-- Material provided --
══════
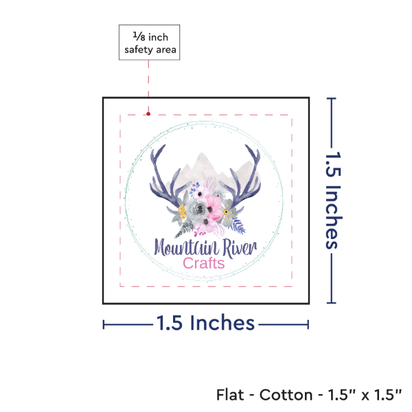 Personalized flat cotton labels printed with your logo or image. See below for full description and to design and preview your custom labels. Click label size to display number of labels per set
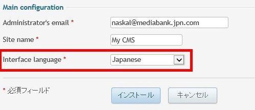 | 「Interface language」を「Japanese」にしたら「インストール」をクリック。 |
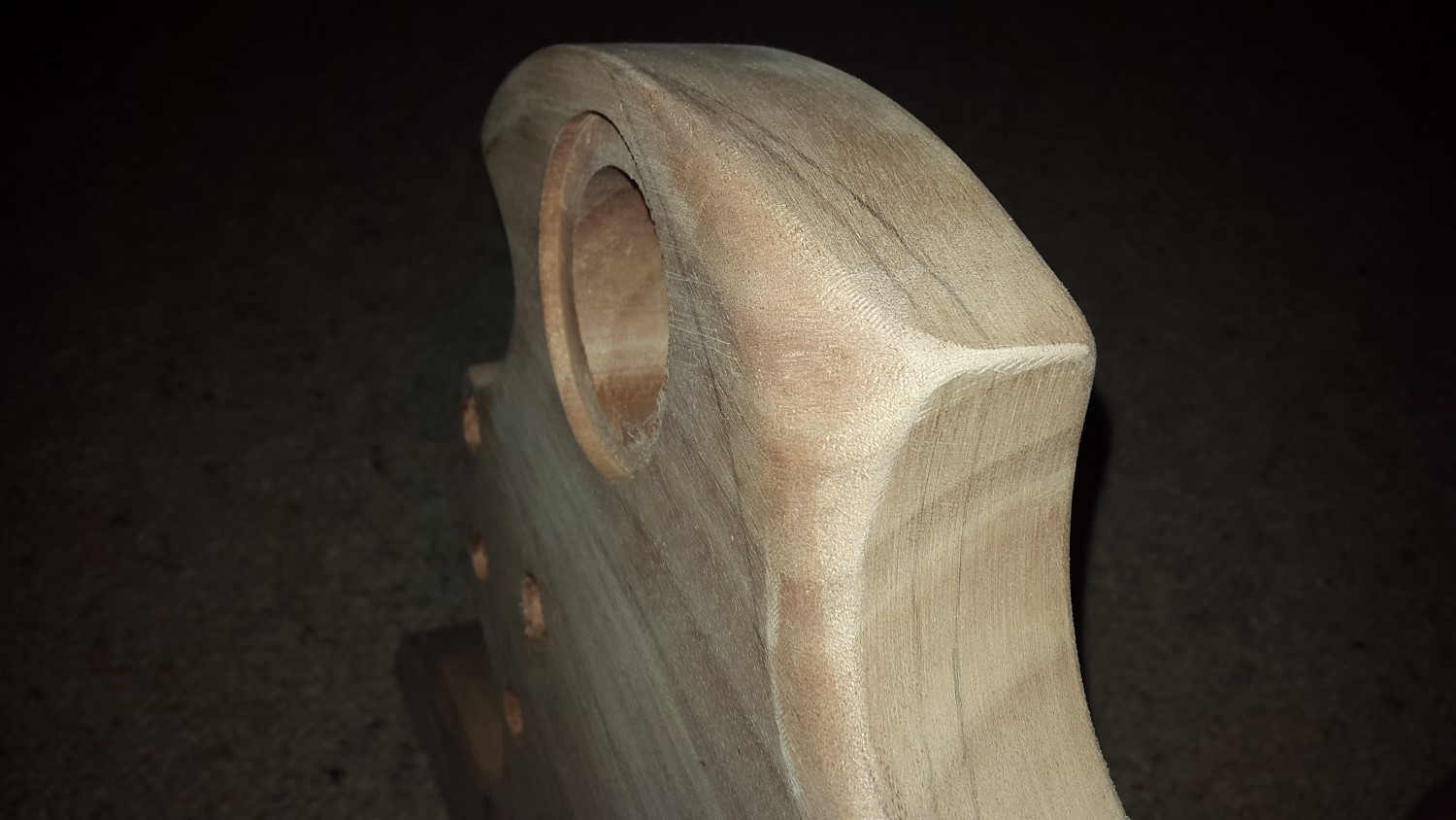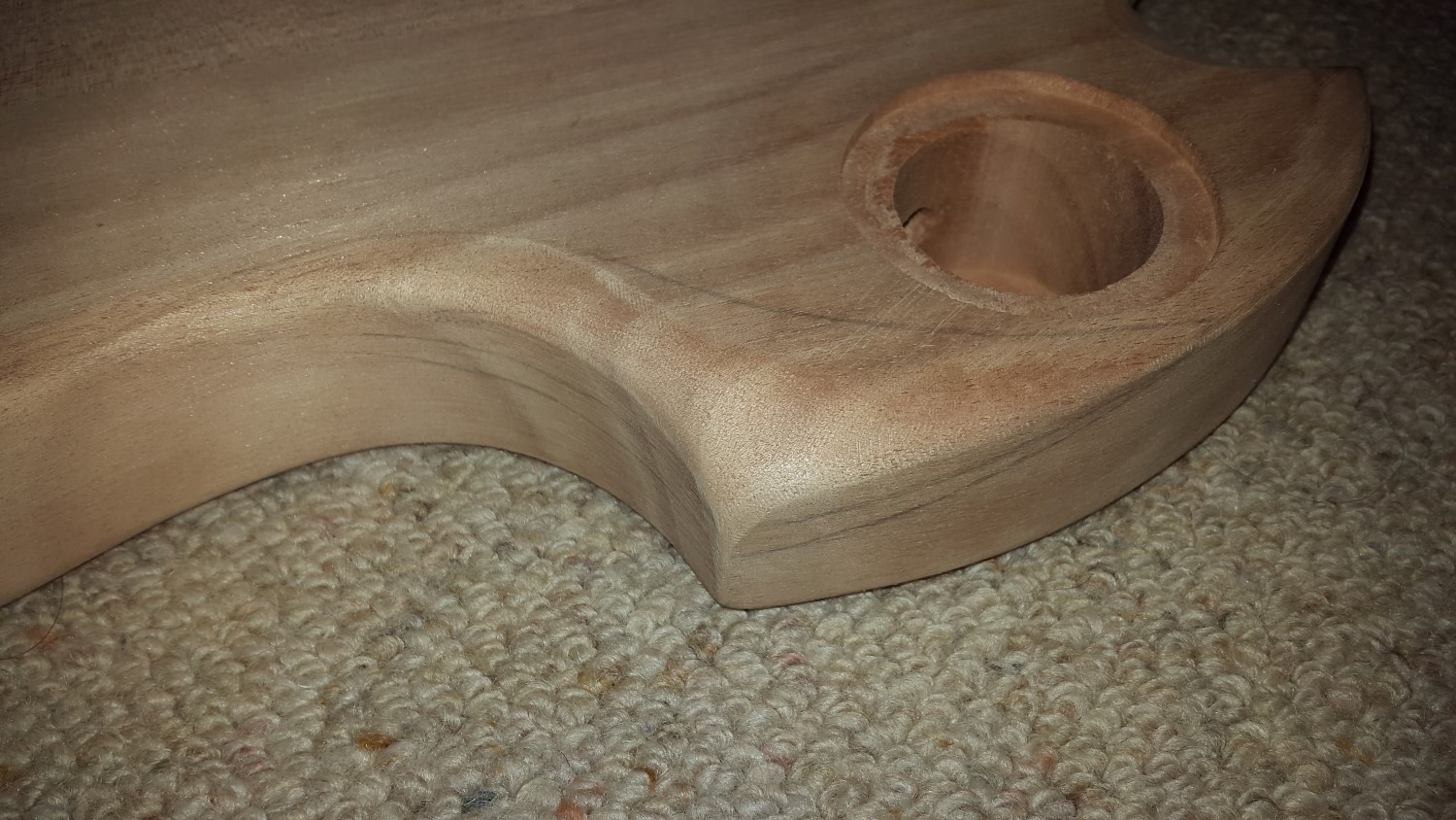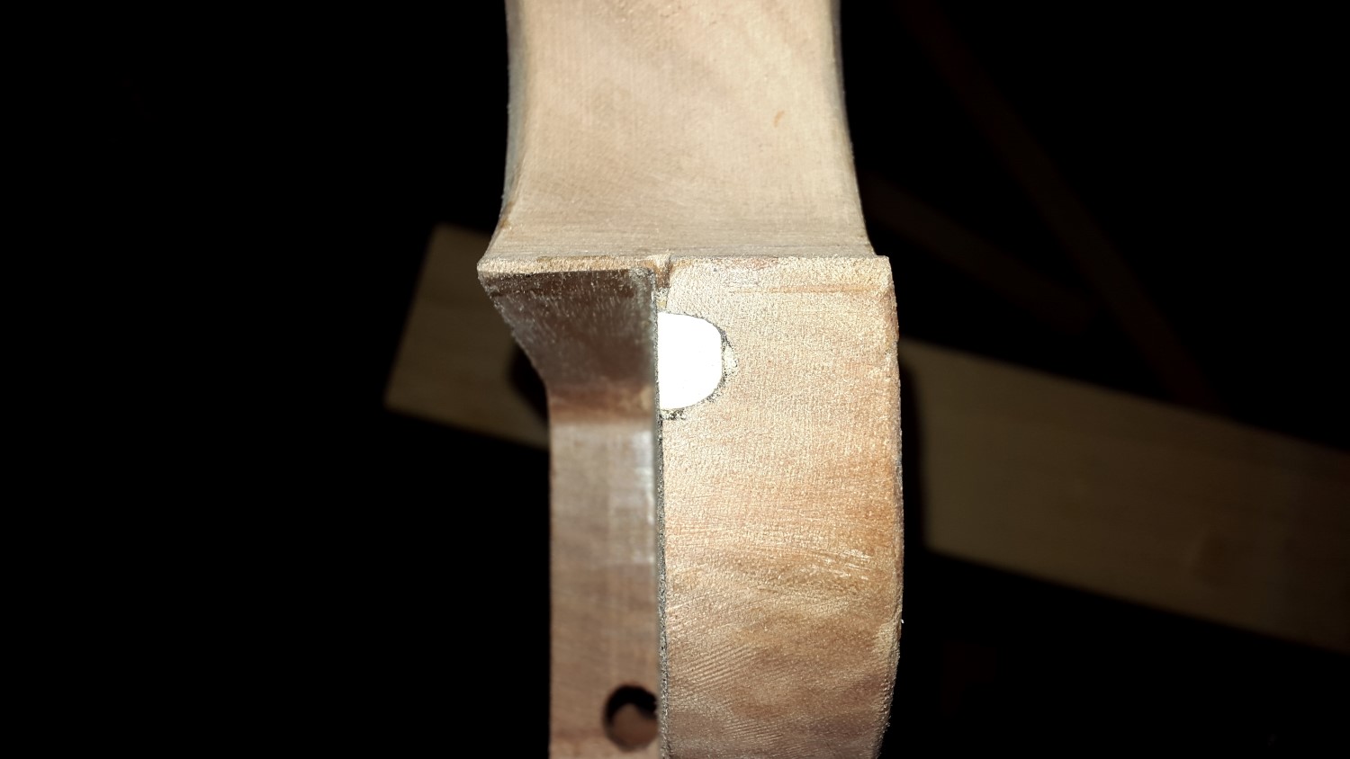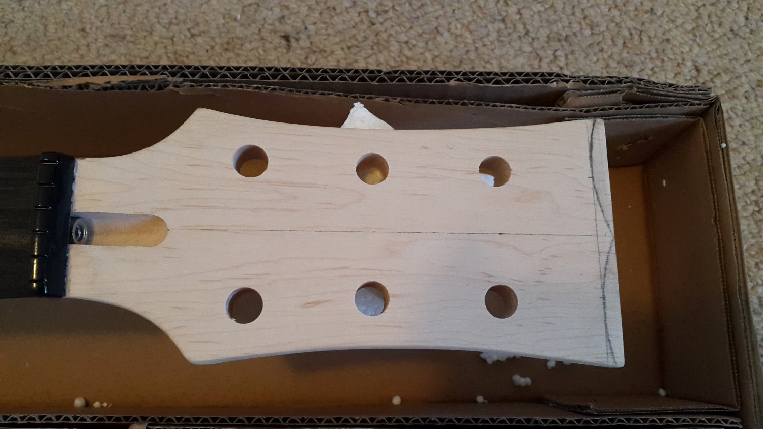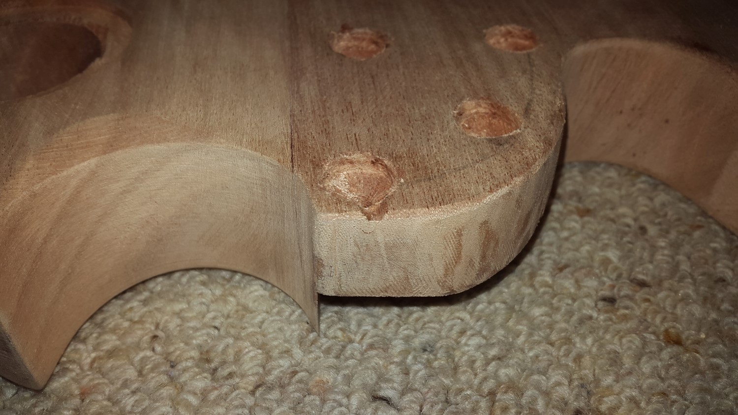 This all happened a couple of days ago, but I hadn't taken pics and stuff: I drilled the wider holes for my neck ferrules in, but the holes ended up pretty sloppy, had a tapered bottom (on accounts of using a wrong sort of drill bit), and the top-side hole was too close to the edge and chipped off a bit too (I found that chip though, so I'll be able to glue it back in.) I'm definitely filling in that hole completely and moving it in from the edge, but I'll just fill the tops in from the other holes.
══════
-- Your instructions --
All of the listing is to be written out exactly, with the pictures left out.

-- Output for this task --
 Personalized flat cotton labels printed with your logo or image. See below for full description and to design and preview your custom labels. Click label size to display number of labels per set
 | 「Interface language」を「Japanese」にしたら「インストール」をクリック。 |
 This all happened a couple of days ago, but I hadn't taken pics and stuff: I drilled the wider holes for my neck ferrules in, but the holes ended up pretty sloppy, had a tapered bottom (on accounts of using a wrong sort of drill bit), and the top-side hole was too close to the edge and chipped off a bit too (I found that chip though, so I'll be able to glue it back in.) I'm definitely filling in that hole completely and moving it in from the edge, but I'll just fill the tops in from the other holes.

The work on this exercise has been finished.